这个colab用作一个代码示例，展示如何调用我们最新发布的文本嵌入模型（textembedding-gecko@latest 和 textembedding-gecko-multilingual@latest）。

了解更多关于[文本嵌入 API](https://cloud.google.com/vertex-ai/docs/generative-ai/embeddings/get-text-embeddings)。

本教程使用以下 Google Cloud ML 服务和资源：
- Vertex LLM SDK

执行的步骤包括：
- 安装和导入
- 生成嵌入

费用

本教程使用 Google Cloud 的收费组件：

* Vertex AI

了解 [Vertex AI 定价](https://cloud.google.com/vertex-ai/pricing)，并使用 [定价计算器](https://cloud.google.com/products/calculator/) 根据您预期的使用量生成成本估算。

## 开始之前

### 设置您的Google Cloud项目

**无论您使用的是哪种笔记本环境，以下步骤都是必需的。**

1. [选择或创建Google Cloud项目](https://console.cloud.google.com/cloud-resource-manager)。当您首次创建帐户时，您将获得300美元的免费信用额度用于计算和存储成本。

2. [确保您的项目已启用计费](https://cloud.google.com/billing/docs/how-to/modify-project)。

3. [启用Vertex AI API](https://console.cloud.google.com/flows/enableapi?apiid=aiplatform.googleapis.com)。

4. 如果您在本地运行此笔记本，您需要安装[Cloud SDK](https://cloud.google.com/sdk)。

### 验证您的Google Cloud账户

根据您的Jupyter环境，您可能需要手动进行身份验证。
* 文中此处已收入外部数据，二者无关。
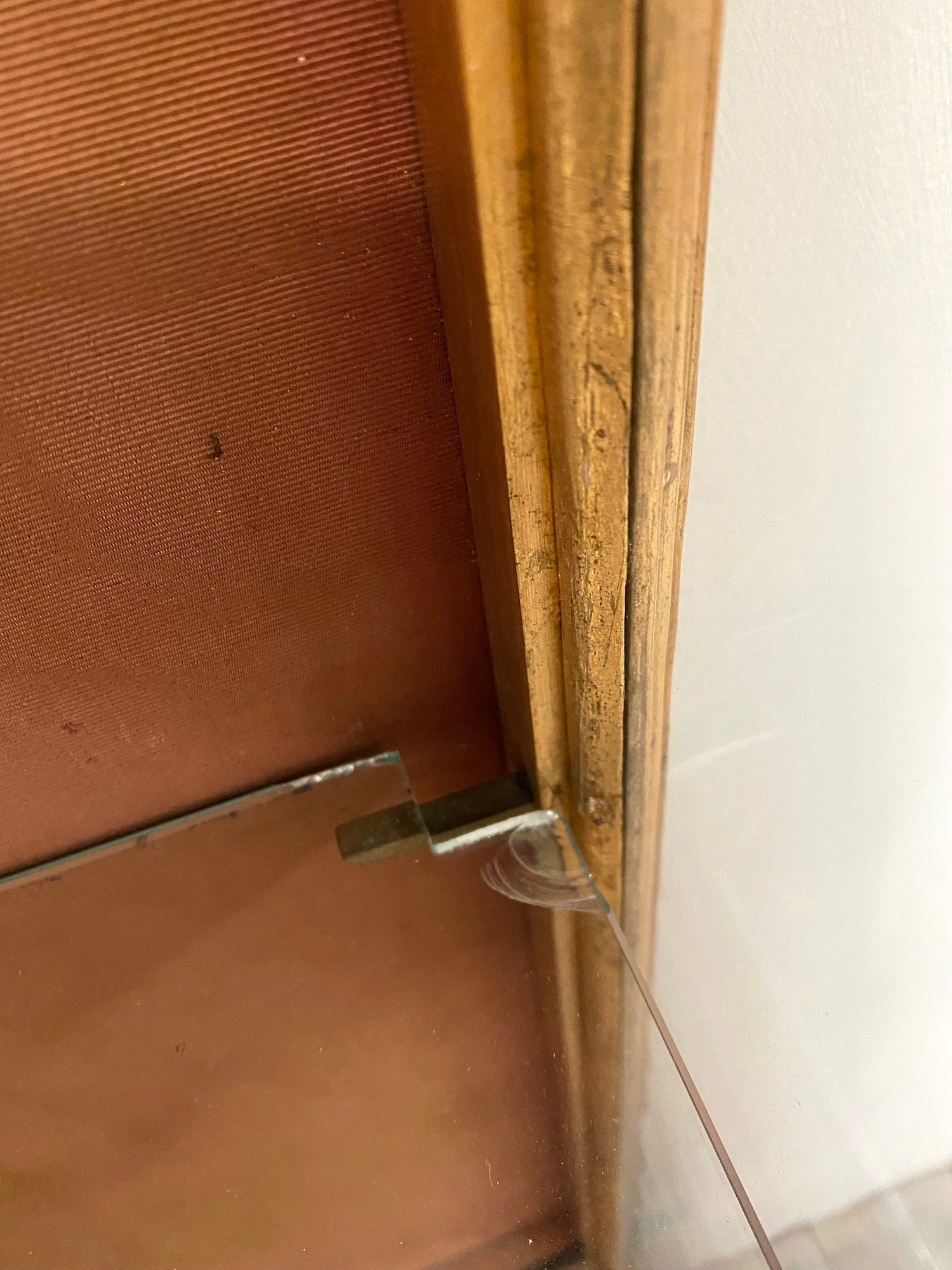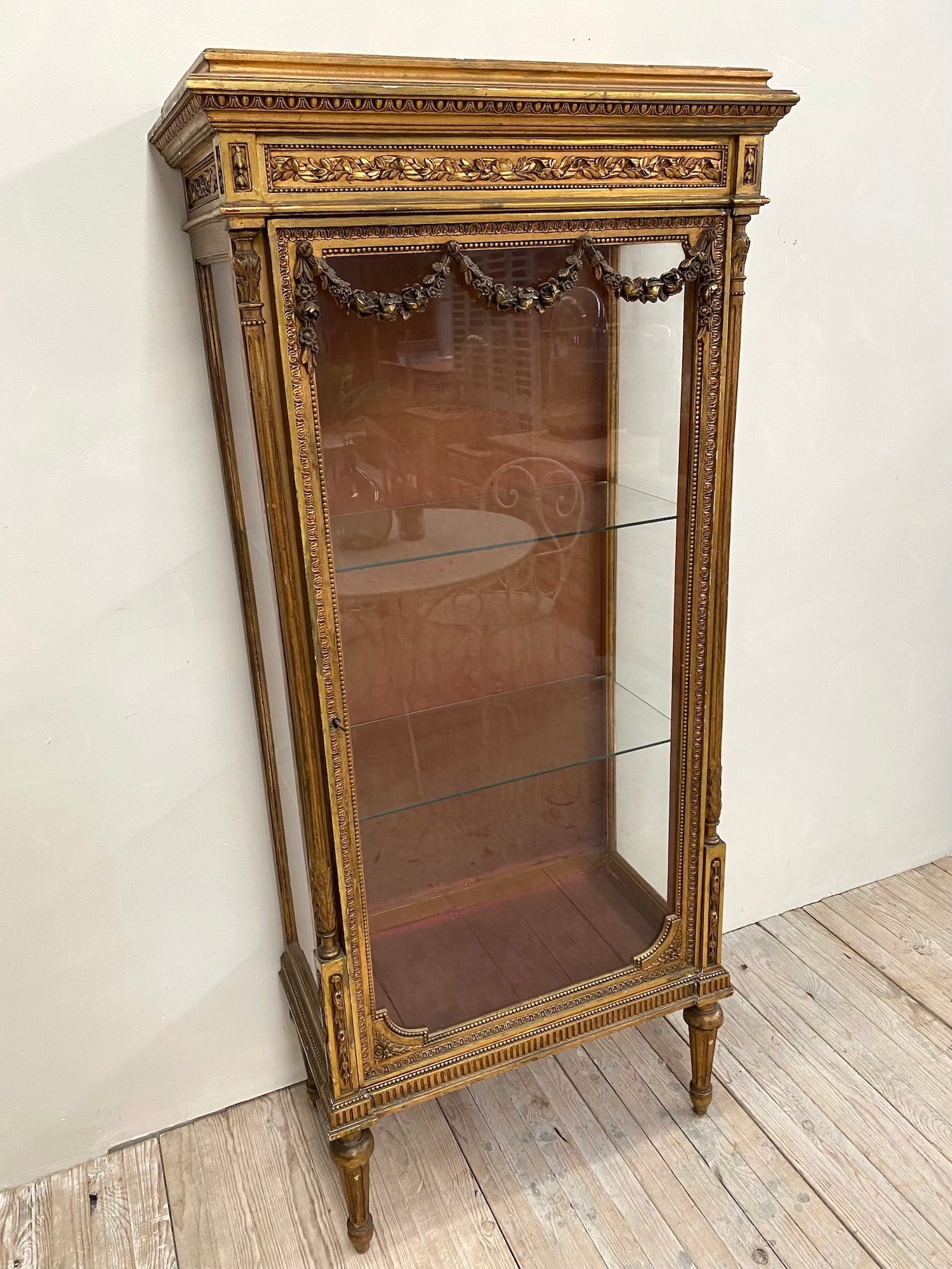 Superb antique French Louis XVI style walnut display cabinet with exquisite flower garland carving. Features glass sides, glass lockable door and two glass shelves. In excellent condition this is an exceptional and unique piece. Small chips in glass shelves, and imperfections in the gilt finish due to age.

请按照下面相应的说明进行操作。

1. 顶点 AI 工作台
* 无需操作，因为您已经通过了身份验证。

2. 本地的 JupyterLab 实例，取消注释并运行：

In [None]:
# ! gcloud auth login

3. 协作，取消注释并运行:

In [None]:
# from google.colab import auth
# auth.authenticate_user()

## 安装

安装以下包以执行此笔记本。

**安装后记得重新启动运行时。**

In [None]:
!pip install git+https://github.com/googleapis/python-aiplatform.git

请重新启动运行时。

导入库

In [None]:
import vertexai
from vertexai.language_models import TextEmbeddingInput, TextEmbeddingModel

#### 设置项目ID并启动Vertex AI

**如果你不知道你的项目ID**，请尝试以下步骤：
* 运行 `gcloud config list`。
* 运行 `gcloud projects list`。
* 查看支持页面：[查找项目ID](https://support.google.com/googleapi/answer/7014113)

In [None]:
PROJECT_ID = ""  # @param {type:"string"}
REGION = "us-central1"

# Set the project id
! gcloud config set project {PROJECT_ID}

# Initiate Vertex AI
vertexai.init(project=PROJECT_ID, location=REGION)

## 生成嵌入

In [None]:
# Set the model name.
MODEL_NAME = "textembedding-gecko@latest"  # @param ["textembedding-gecko@latest", "textembedding-gecko-multilingual@latest"]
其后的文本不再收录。